“You’re not going to make it!”

Eva Jinek is very strict with the interns who work at her editorial office. If one of them doesn’t get up fast enough at breaking news, then she shoots it immediately. “You’re not going to make it!”

© RTL

The media may be talking about the working atmosphere at De Wereld Draait Door all the time, but expectations are also very high on the editorial floor of Eva Jinek. The presenter can pretty much swim in her vacation days herself, but if her employees show lazy behavior, she detests it.

Volume knob

Eva points in the podcast Young Years especially on the interns who walk around with her. “When I’m in the editorial office and something happens to it breaking news… There are always interns at our editorial office. If I get up earlier to turn up the volume of the television that is on than an intern, then I think: ‘You’re not going to make it.’”

Oops, do her interns know that too? Laughing: “I hope so now.”

They can also be positively striking, says Eva. “A lot of people work for me at the editorial office who once started as an intern. (…) There are plenty that I have seen, because they did every last detail of what I asked them or what their duties were in such a way that I thought: hey, who is that young girl or boy who is so good…”

Foot in door

That works best, says Eva. “We’ve taken on so many over the years that way. So it really works. (…) You have to make sure you get that internship, but when you’re in, that’s your chance to show who you are. And that’s in every… It’s how you greet when you come in. It’s how you think along in a meeting.”

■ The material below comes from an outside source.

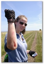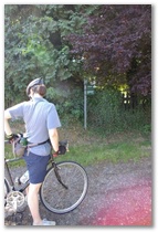 From here its almost all off-road for over sixty miles. The tracks are well-signposted and easy to follow. We found a shady spot for an early lunch snack and watched the dancing butterflies. The way was quiet, with only a few walkers and one or two cyclists. The surface was mostly dirt and gravel, with occasional solid surfaces. We carried on, and then as we rode between fields on a track slightly rutted by motor vehicles, I heard a yelp behind me. Caroline had hit a lump, wobbled, and fallen off. Nothing serious, just skinned her elbow.

Even if nothing is explicitly asked of you, says Eva. “You can just wait until everyone has finished talking. Do you say, “By the way, I was thinking, maybe this is a nice idea.” Believe me, that really stands out. And people remember that and those people are hired.”

M&Ms for Charles

Eva herself was like that when she did an internship with Charles Groenhuijsen. She used to get him salads. “And he really wanted some M&Ms too. Many people wait for the ultimate job to show what they can do or who they are. To really do their very best. That doesn’t work in my opinion.”

She continues: “No matter how small, meaningless and unseen the job is: you do it to the best of your ability. And if you always do that with all the chores… Cleaning the refrigerator in Washington at the internship, getting salad, being on time at work, thinking along, even if no one asks you to think along… That collection of these little moments is building up .”

‘Who is that?’

Eventually you will stand out automatically, says Eva. “Then someone suddenly thinks: who is the one who gets those salads for me all the time? Because she gets them on time, she also gets the M&Ms and she also had some ideas for tomorrow, for a job. That’s how it works. Then people see you.”

Eva is disgusted with lax people. “We don’t look at each other to see slackness, do we? You want to see someone in top form. You want to see someone who is on the cutting edge, with enthusiasm, with energy telling something. (…) And people who are very laissez faire or very laconic… Yes, that also makes less impression.”

Easily angered

According to Rob Goossens, Eva always gets angry behind the scenes of her talk show when something doesn’t go according to plan. The talk show diva is not asked about this in the interview, but she does indicate that she is very keen on the details.

Eva: “This is the core of how I think about things: every detail counts. (…) If you want something to be very beautiful or well-thought-out or thought-out or to have a deeper layer, that it touches people, that it makes sense, that you know how to react if things go differently than you think, then you have to prepare in detail.”